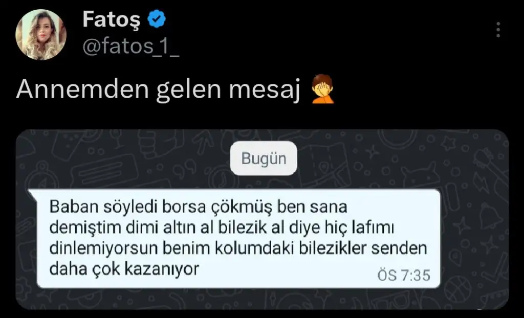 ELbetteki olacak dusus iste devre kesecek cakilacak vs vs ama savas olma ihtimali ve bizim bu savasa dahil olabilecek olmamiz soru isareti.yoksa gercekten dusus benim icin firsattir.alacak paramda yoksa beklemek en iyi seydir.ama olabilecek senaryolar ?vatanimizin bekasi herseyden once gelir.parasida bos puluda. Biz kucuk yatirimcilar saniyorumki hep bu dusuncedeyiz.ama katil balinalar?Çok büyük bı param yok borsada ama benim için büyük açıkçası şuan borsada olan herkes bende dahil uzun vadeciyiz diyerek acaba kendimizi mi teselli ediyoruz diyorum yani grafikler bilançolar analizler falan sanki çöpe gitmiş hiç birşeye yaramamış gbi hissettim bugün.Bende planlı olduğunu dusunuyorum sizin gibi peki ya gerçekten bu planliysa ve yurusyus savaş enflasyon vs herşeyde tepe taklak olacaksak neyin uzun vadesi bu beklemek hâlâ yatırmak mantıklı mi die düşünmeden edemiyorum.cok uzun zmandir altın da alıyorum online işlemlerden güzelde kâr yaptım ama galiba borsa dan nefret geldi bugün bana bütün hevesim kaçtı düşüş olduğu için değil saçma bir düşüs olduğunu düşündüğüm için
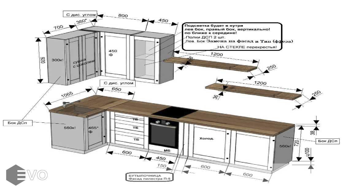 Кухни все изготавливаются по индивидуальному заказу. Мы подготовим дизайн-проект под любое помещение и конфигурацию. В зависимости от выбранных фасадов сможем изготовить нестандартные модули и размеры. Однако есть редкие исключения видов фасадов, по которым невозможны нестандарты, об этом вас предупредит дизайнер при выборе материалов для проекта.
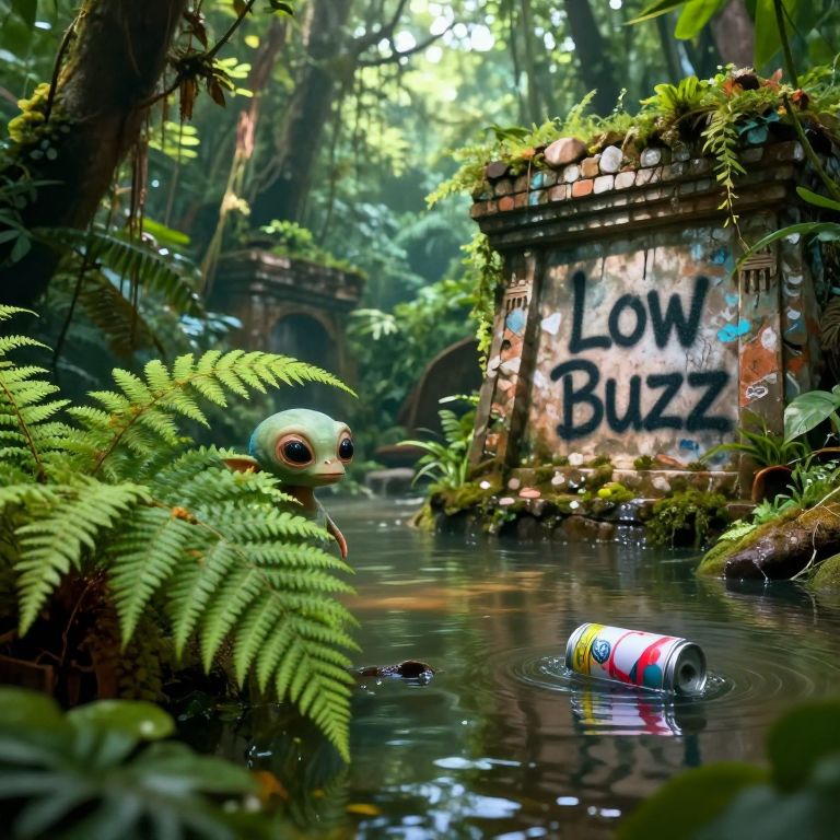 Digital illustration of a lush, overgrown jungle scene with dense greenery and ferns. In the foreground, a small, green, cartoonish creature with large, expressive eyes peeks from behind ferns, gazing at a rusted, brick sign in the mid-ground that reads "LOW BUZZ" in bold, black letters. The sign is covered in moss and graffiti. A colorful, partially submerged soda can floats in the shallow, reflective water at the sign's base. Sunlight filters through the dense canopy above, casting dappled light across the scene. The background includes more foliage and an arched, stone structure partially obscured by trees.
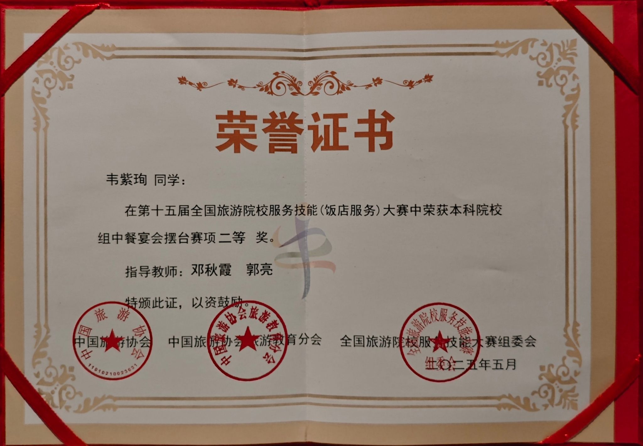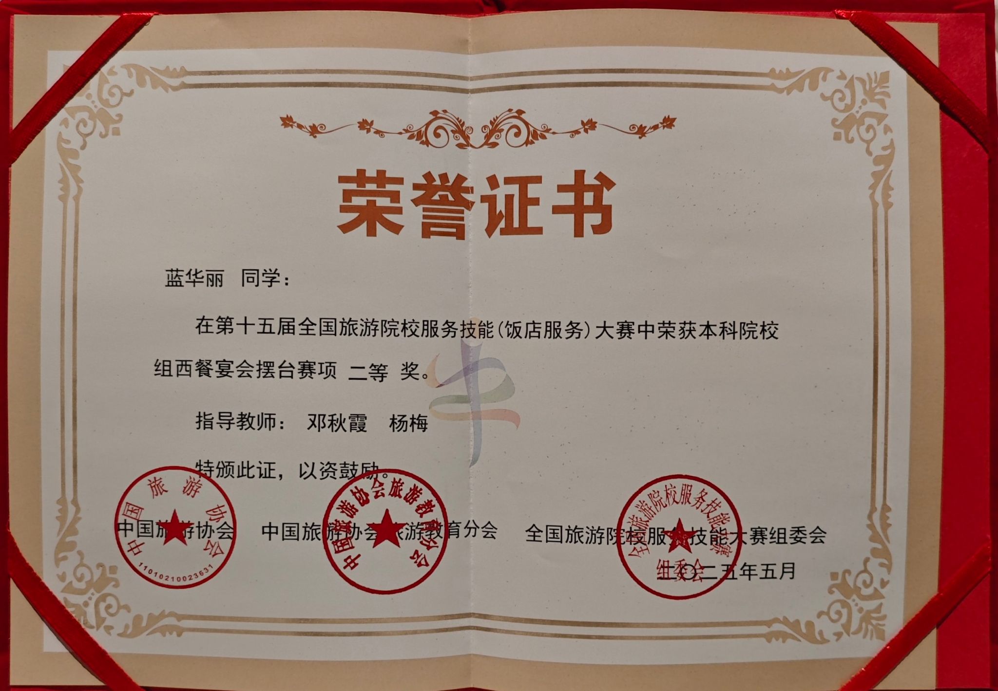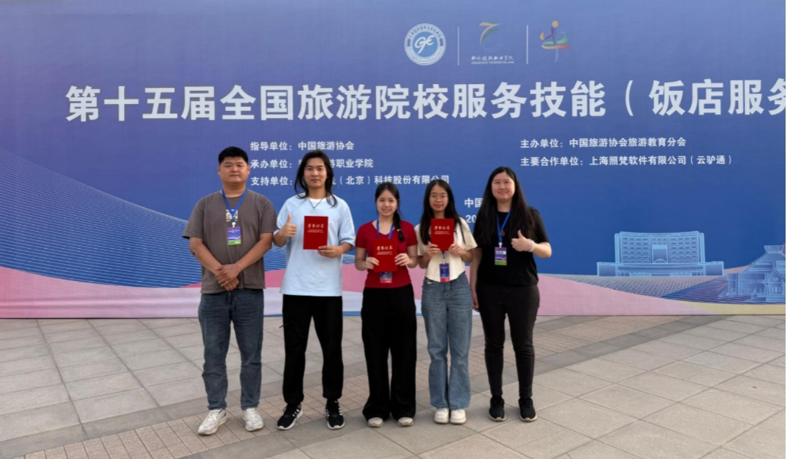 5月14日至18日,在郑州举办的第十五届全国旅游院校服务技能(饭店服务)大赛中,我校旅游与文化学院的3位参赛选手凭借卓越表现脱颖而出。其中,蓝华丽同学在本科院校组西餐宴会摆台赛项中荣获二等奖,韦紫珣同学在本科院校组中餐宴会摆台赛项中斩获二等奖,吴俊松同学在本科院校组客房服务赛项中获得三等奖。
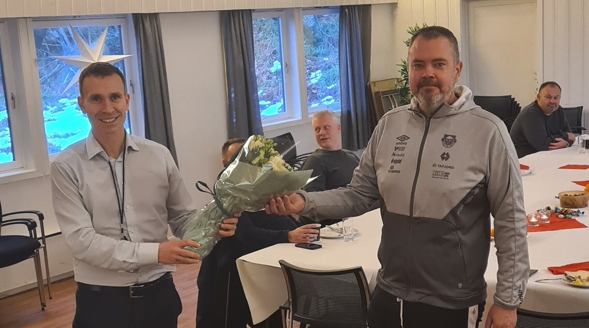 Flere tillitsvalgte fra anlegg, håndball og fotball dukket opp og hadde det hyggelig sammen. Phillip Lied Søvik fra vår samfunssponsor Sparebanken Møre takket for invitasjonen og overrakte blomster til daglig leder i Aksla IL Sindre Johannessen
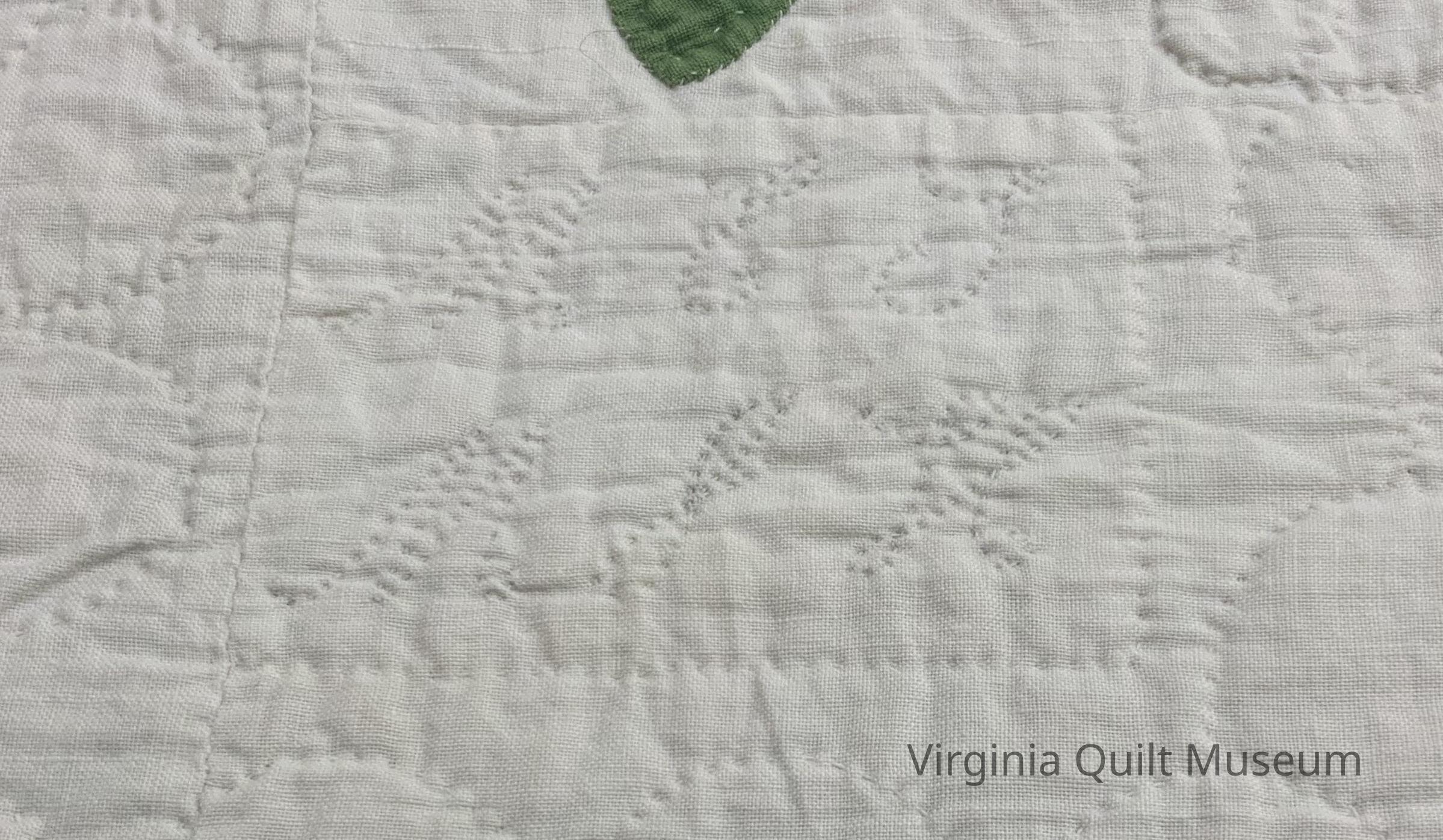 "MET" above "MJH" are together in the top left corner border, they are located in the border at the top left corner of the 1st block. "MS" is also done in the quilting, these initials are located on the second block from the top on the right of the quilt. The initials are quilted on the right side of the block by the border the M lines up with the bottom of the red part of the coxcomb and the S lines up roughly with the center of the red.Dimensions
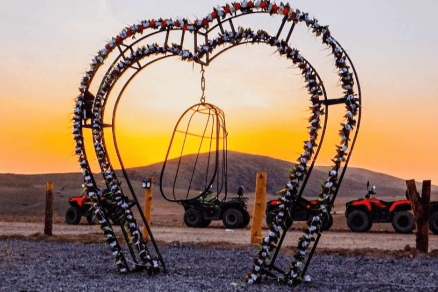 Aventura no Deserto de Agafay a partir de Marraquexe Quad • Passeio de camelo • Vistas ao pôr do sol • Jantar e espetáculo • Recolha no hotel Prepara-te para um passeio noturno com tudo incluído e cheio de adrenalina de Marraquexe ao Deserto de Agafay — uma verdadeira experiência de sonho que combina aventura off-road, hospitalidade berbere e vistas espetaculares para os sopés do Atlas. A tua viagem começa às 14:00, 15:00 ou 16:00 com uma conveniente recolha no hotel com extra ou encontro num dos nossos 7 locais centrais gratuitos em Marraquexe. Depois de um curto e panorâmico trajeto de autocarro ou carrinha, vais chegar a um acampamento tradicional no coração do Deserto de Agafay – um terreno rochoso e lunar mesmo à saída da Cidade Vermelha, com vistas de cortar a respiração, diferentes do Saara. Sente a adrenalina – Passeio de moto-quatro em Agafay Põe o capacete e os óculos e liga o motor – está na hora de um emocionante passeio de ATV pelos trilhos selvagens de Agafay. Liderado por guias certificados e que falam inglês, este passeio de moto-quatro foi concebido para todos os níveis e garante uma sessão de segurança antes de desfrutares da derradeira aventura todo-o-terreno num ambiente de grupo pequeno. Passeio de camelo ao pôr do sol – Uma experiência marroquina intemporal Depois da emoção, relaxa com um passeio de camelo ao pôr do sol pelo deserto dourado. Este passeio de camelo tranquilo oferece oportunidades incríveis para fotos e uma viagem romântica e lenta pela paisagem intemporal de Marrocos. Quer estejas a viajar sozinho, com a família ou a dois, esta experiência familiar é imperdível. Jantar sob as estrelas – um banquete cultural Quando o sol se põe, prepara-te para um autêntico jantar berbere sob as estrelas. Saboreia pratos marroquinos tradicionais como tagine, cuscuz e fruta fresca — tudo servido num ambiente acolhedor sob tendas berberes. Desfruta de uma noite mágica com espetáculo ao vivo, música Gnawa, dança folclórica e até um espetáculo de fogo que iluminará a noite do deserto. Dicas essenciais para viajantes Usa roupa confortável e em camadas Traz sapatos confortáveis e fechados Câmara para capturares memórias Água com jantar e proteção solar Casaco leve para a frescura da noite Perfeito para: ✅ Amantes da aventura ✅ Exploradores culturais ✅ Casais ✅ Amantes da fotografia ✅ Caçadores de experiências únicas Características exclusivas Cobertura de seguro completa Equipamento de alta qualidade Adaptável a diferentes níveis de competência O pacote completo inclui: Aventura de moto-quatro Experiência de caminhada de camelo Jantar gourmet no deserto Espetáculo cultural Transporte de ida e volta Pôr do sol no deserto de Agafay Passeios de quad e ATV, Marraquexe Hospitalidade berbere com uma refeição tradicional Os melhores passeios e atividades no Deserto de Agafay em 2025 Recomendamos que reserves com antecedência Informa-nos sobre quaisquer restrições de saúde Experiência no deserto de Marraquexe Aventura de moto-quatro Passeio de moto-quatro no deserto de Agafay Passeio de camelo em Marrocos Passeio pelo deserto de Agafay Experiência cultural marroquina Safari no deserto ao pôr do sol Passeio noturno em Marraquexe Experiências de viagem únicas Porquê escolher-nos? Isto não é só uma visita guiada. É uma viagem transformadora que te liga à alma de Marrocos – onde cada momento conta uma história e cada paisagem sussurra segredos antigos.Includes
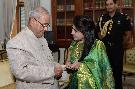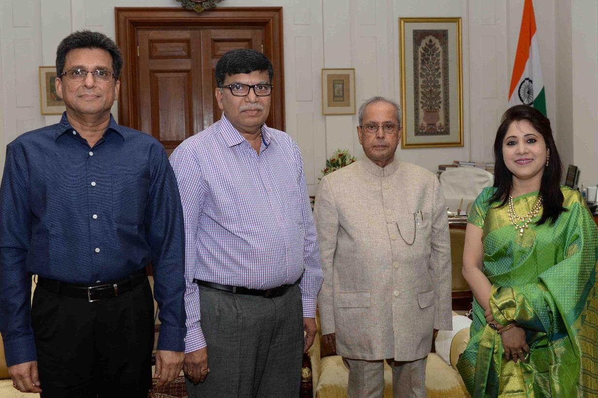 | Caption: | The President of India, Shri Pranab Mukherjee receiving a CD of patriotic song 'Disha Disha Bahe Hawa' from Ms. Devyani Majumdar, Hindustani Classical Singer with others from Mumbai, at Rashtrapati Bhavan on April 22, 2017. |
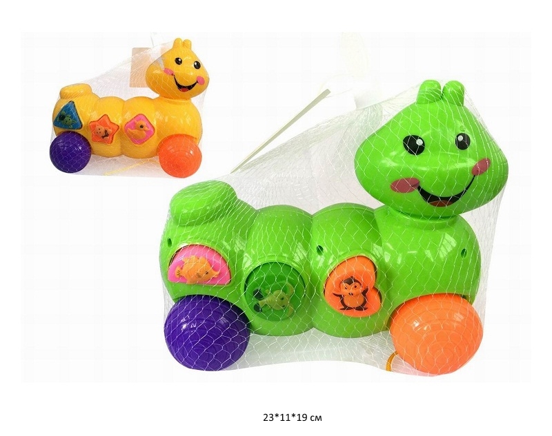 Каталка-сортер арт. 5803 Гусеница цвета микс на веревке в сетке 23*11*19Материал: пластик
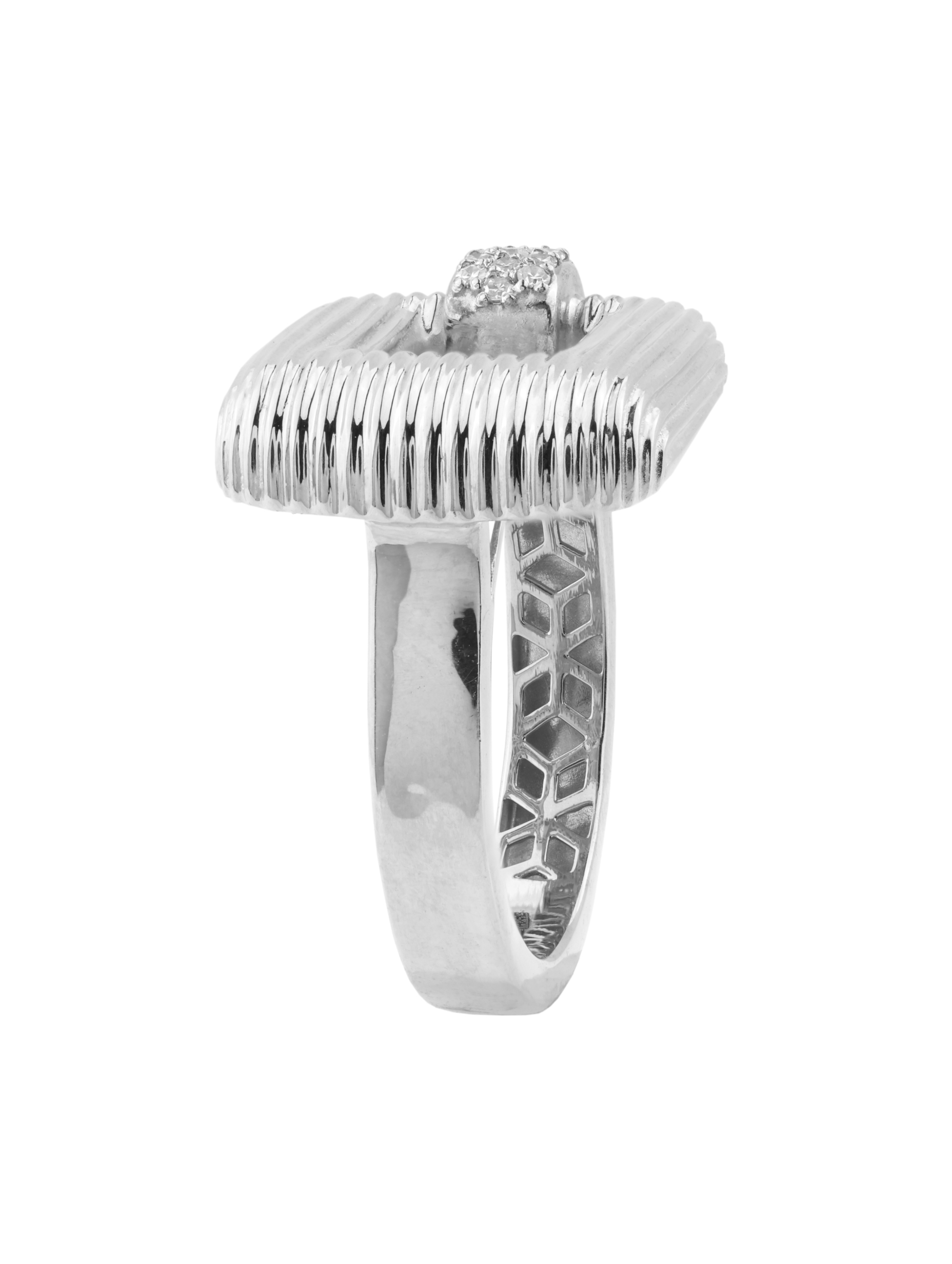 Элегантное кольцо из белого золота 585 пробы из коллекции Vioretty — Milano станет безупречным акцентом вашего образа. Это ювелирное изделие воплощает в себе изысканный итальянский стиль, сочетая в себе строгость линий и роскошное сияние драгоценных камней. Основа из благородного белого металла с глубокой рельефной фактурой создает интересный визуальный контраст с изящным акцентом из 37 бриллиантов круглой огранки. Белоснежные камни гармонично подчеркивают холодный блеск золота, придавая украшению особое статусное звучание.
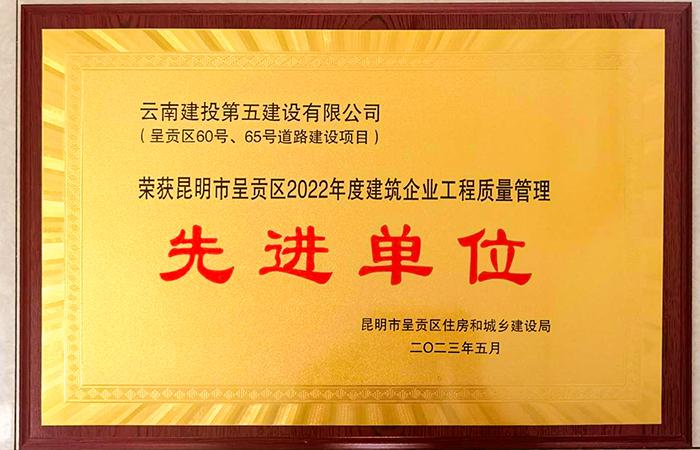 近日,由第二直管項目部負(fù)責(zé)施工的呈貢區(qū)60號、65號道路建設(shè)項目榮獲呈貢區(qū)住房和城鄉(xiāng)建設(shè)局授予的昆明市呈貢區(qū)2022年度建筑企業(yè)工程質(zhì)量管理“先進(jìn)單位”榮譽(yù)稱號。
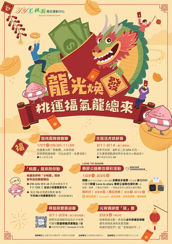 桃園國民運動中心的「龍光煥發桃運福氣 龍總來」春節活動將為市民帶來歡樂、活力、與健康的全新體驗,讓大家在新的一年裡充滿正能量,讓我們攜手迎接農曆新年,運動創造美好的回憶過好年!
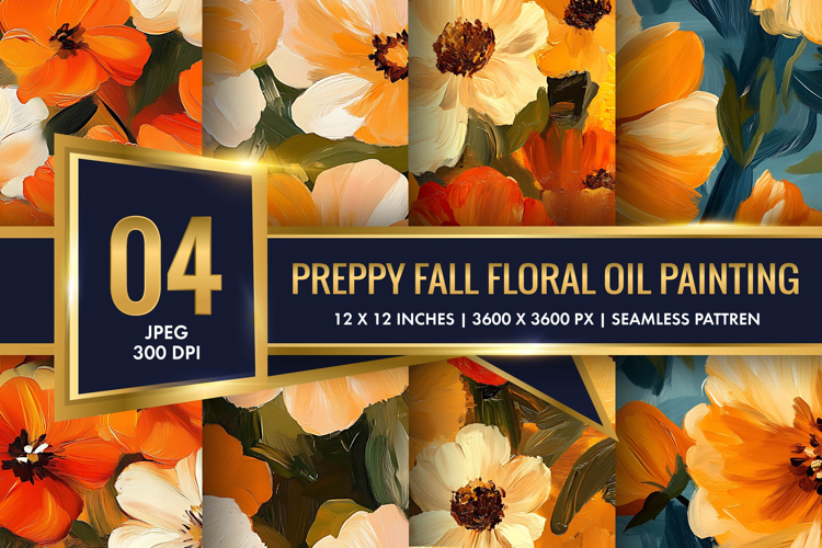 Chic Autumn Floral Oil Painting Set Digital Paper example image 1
· · ·
**About this exercise:**
Only the lines from the line with "近日,由第二直管項目部負(f" to the end of the records should be repeated, exactly and without pictures.

**Solution for this task:**
 近日,由第二直管項目部負(fù)責(zé)施工的呈貢區(qū)60號、65號道路建設(shè)項目榮獲呈貢區(qū)住房和城鄉(xiāng)建設(shè)局授予的昆明市呈貢區(qū)2022年度建筑企業(yè)工程質(zhì)量管理“先進(jìn)單位”榮譽(yù)稱號。
 桃園國民運動中心的「龍光煥發桃運福氣 龍總來」春節活動將為市民帶來歡樂、活力、與健康的全新體驗,讓大家在新的一年裡充滿正能量,讓我們攜手迎接農曆新年,運動創造美好的回憶過好年!
 Chic Autumn Floral Oil Painting Set Digital Paper example image 1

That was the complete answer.